Web scanning interface provides a simple view of the site map of the target of the web scan, with results aggregated in multiple ways for easy consumption, including by Attack Module, By URL or By Severity.
DevOps Integration for Fuzzing
Microsoft Security Code Analysis Extension is a collection of tasks for Azure DevOps Services, that allow developers to configure and run secure development tools in Build pipelines. A task for Security Risk Detection Fuzzing is now integrated into the extension enabling developers, who are adopting DevSecOps and Security Development Lifecycle Practices for DAST, to automate fuzz testing. While this extension is currently in preview, you will have access to it as part of your MSRD subscription to enable you to fuzz your application from you Azure DevOps Build pipeline.
MSRD task shown configured in Azure DevOps Build Pipeline:
Webhooks allow you to have MSRD (Fuzzing currently) scanning events sent to a URL of your choice. This enables integration scenarios for various DevOps and bug tracking solutions including home grown ones. For example, you can push a bug to Azure DevOps or send an email to notify or developers or even message them on Teams. You can leverage Microsoft cloud services such as Azure Logic Apps and Microsoft Flow to help with this integration workflow. With Flow, you can even build that receiving service without developing any code using its connectors for Slack and Jira. This provides reliable interaction with dozens of development and support platforms, including Azure DevOps, GitHub, Slack, Jenkins, and Jira.
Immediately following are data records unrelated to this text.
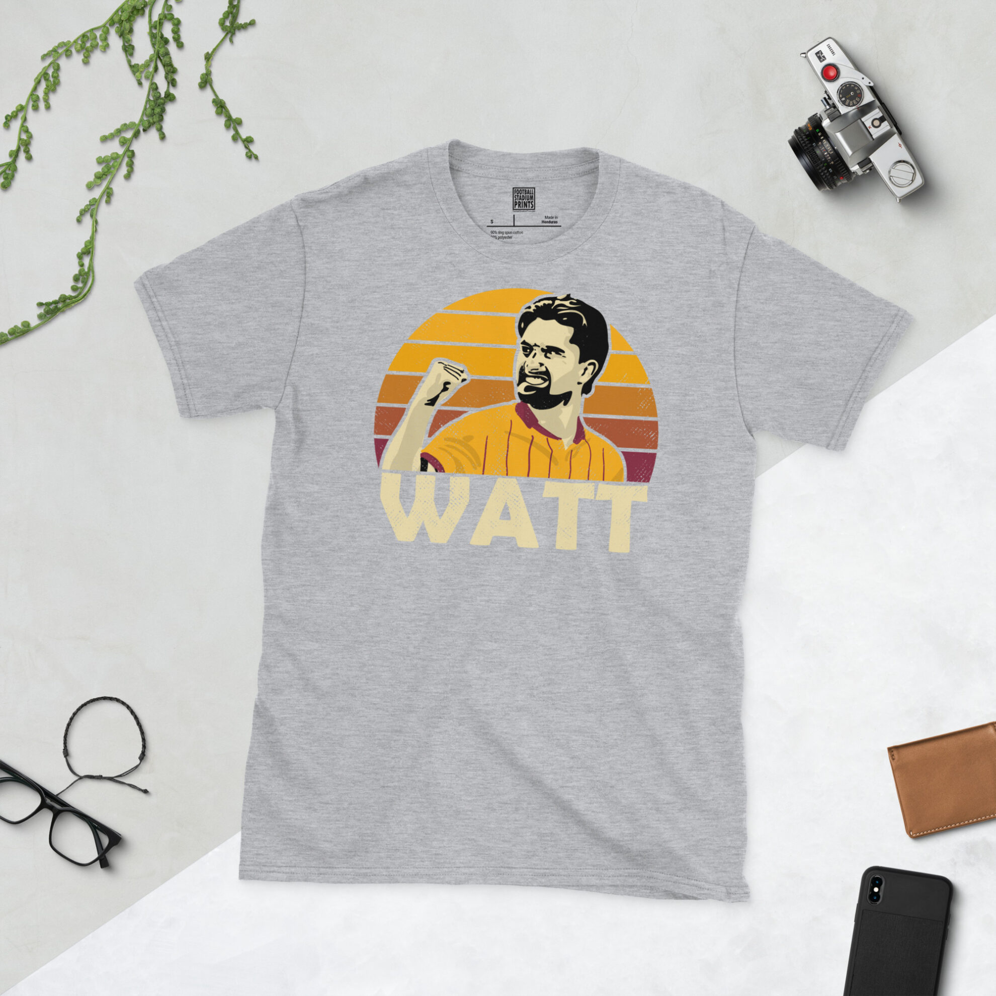 Honour the midfield creativity and tenacity of Elliot Watt with this superb retro T-shirt! The design features an artistic, distressed portrait of the player, set against a classic claret and amber sunburst background. His surname, WATT, is proudly displayed beneath the graphic.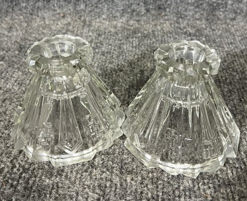 A pair of clear crystal candle holders featuring geometric patterns with precision-cut faceted designs. The holders exhibit symmetrical patterns with step-like ridges around the base, giving them an Art Deco feel.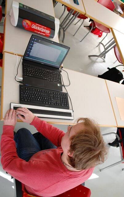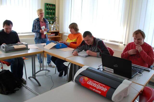 Dank der Glücksspirale konnten wir endlich die vollumfänglich notwendige technische Ausstattung realisieren– gängige Office-Anwendungen können nun selbständig bedient, und Texte erstellt werden. Diese können dann mit dem bereitgestellten Braille-Drucker in Blindenschrift ausgegeben werden. Ein Screenreader mit Braillezeile ermöglicht einen barrierefreien Zugang zum Internet und die automatische Sprachausgabe ermöglicht das „Lesen“ aller über den Computer zugänglichen Texte. Eigene Aufzeichnungen erfolgen an den Bildungstagen über eine elektronische Schreibmaschine - mit diesem Berufsbildungsplatz haben wir eine Grundlage für blinde Teilnehmer geschaffen, ihre Berufliche Bildung gleichberechtig mit sehenden Teilnehmern zu absolvieren, mit größtmöglicher Vielfalt, Selbständigkeit und vor allem mit viel Spaß am Lernen.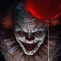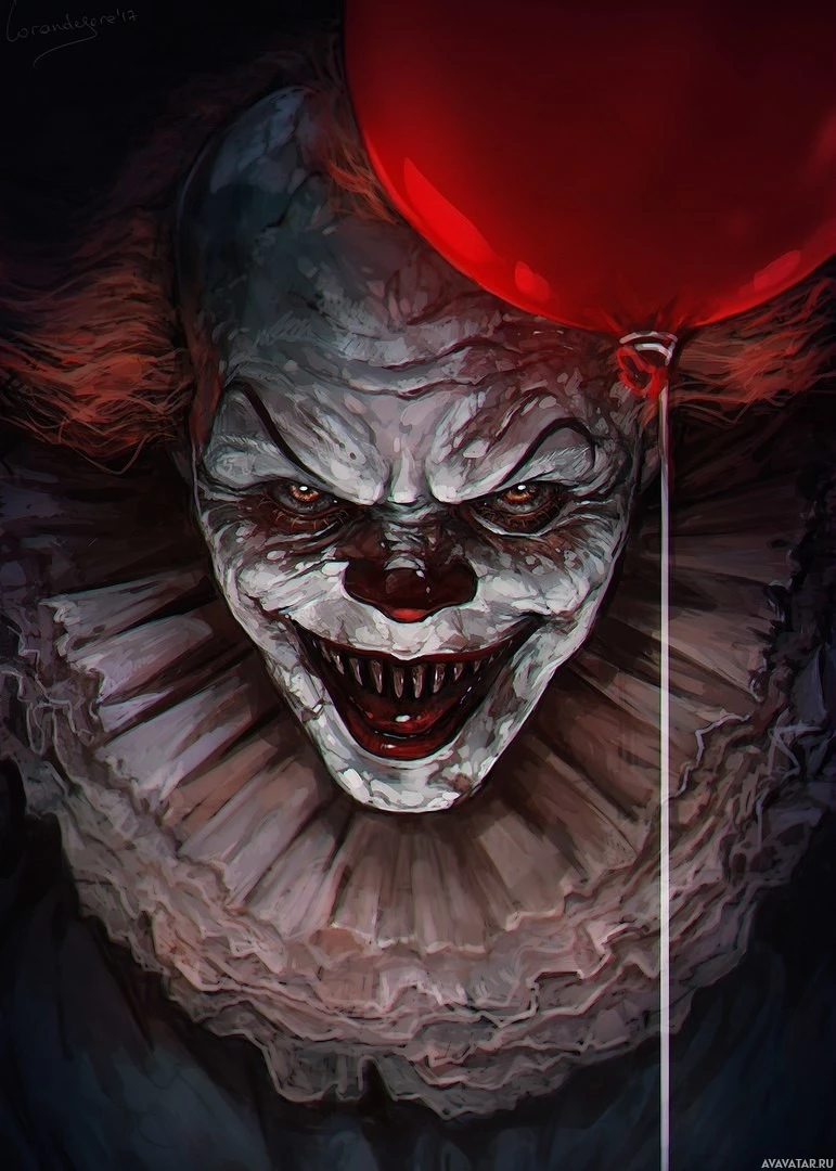 a red balloon, which could symbolize danger or an eventuality that brings about terror in a horror story context. The clown's expression and demeanor are designed to evoke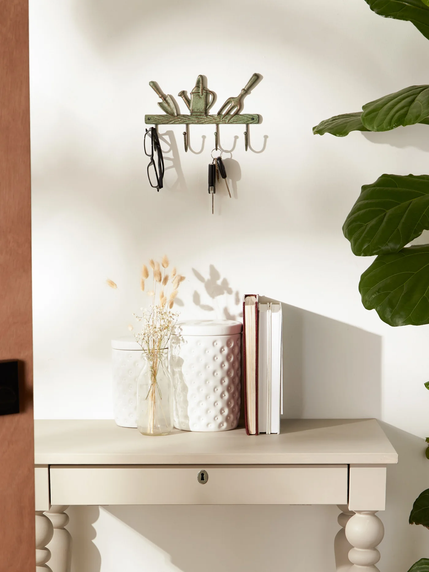 Hang keys, garden tools, gloves, jackets and sweaters on these wall hooks. Perfect for both indoors and outdoors, this stand will look good anywhere in your home from a statement porch piece, sunroom storage, garden enhancement or patio accent.
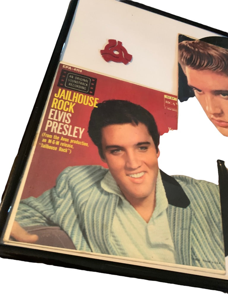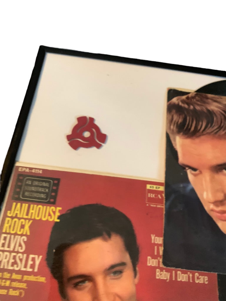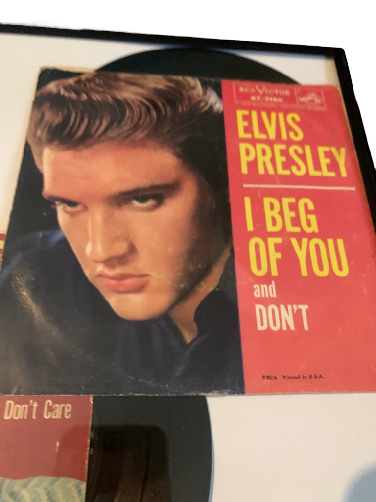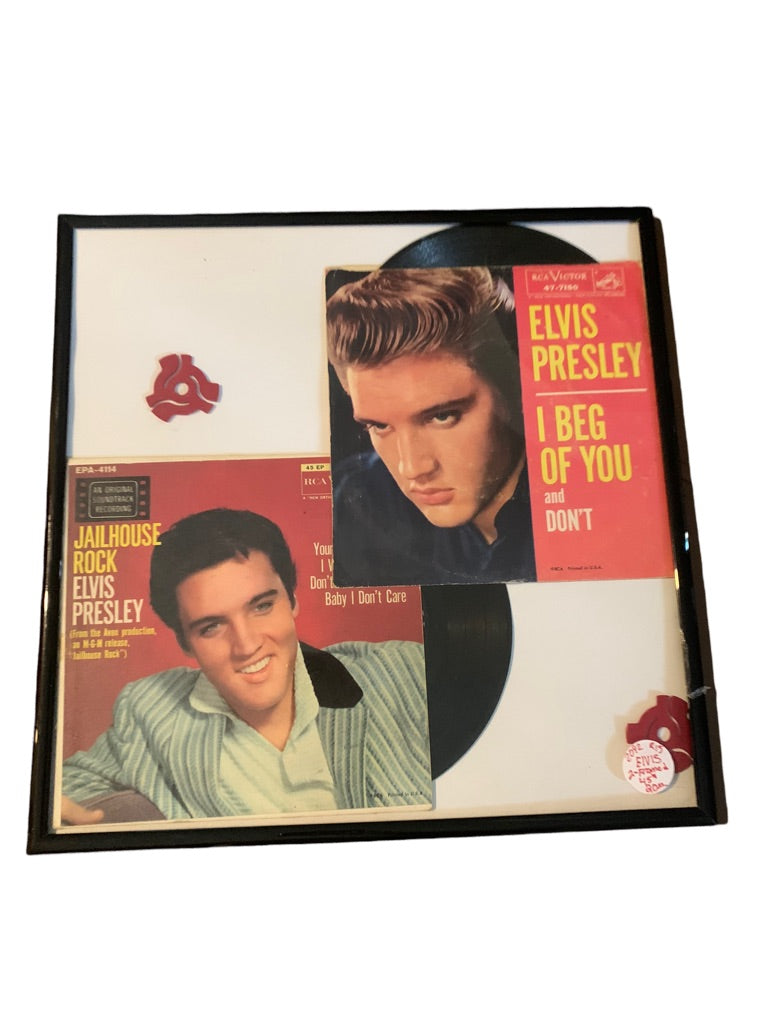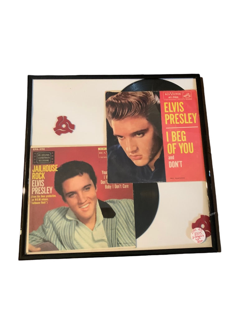 Framed Elvis 45s Vinyl Albums "Jailhouse Rock" and "I Beg of You"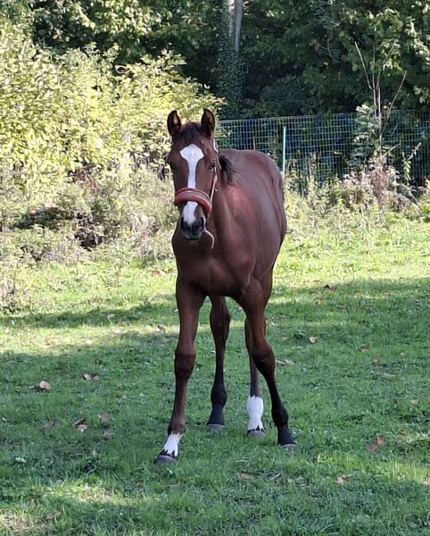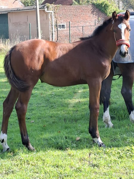 Super chic mare for sale: Check Me Out van de Wildebeek Special star, by De Corlato out of Prinses Z. Gallops and moves very well, both in leg use and through the back. She descends from a highly proven bloodline consisting solely of sport horses. She has several sisters competing at the highest levels (1.50 m, twice 1.45 m, 1.35 m, Cyclus, etc.). Her mother competed in sport in the UK, which, combined with her pedigree, makes her a top prospect for higher-level sport in the future or as a broodmare. Expected height around 1.70 m (16.1 hh). Can leave her mother at the end of September.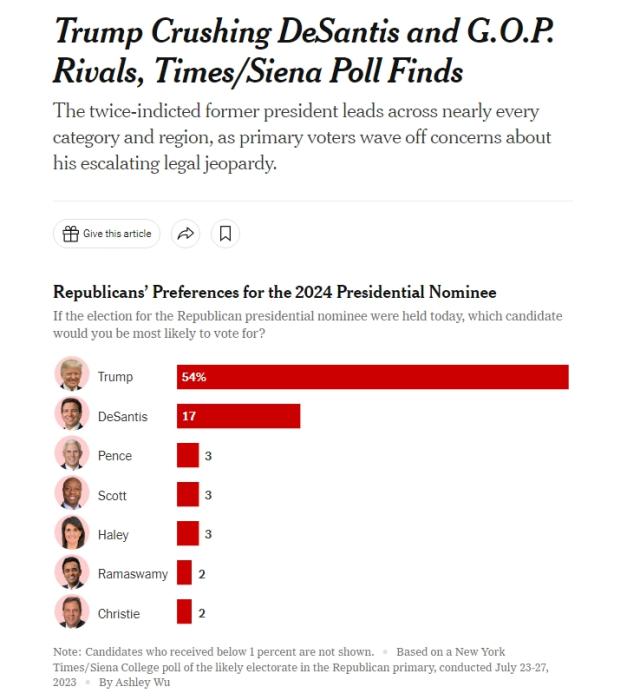 中新網(wǎng)7月31日電 據(jù)《紐約時(shí)報(bào)》報(bào)道,《紐約時(shí)報(bào)》和錫耶納學(xué)院31日公布了一項(xiàng)針對(duì)共和黨選民的聯(lián)合民意調(diào)查結(jié)果:在所有的共和黨總統(tǒng)競(jìng)選人中,特朗普以54%的支持率取得絕對(duì)領(lǐng)先地位,超出第二位德桑蒂斯37%,其余候選人支持率均未超過3%。

Sample New MSRD bug Flow workflow showing creating a work item in Azure DevOps, sending an email and posting a message in Teams:
DevOps Integration for Web Scanning
Currently, the DevOps integrations are not available for the Web Vulnerability Scanning. A future release will provide the integration and automation options for DevOps platforms such as Azure DevOps and Jenkins.
All our customers, from small businesses to large enterprises, are committed to securing the products and services they acquire, build, or deploy– whether they’re just starting to adopt security practices, or have a mature security processes in place. Any customer, no matter the size or maturity, will ship statistically safer software by following Microsoft’s Security Development Lifecycle, and MSRD was designed to meet its dynamic analysis practice.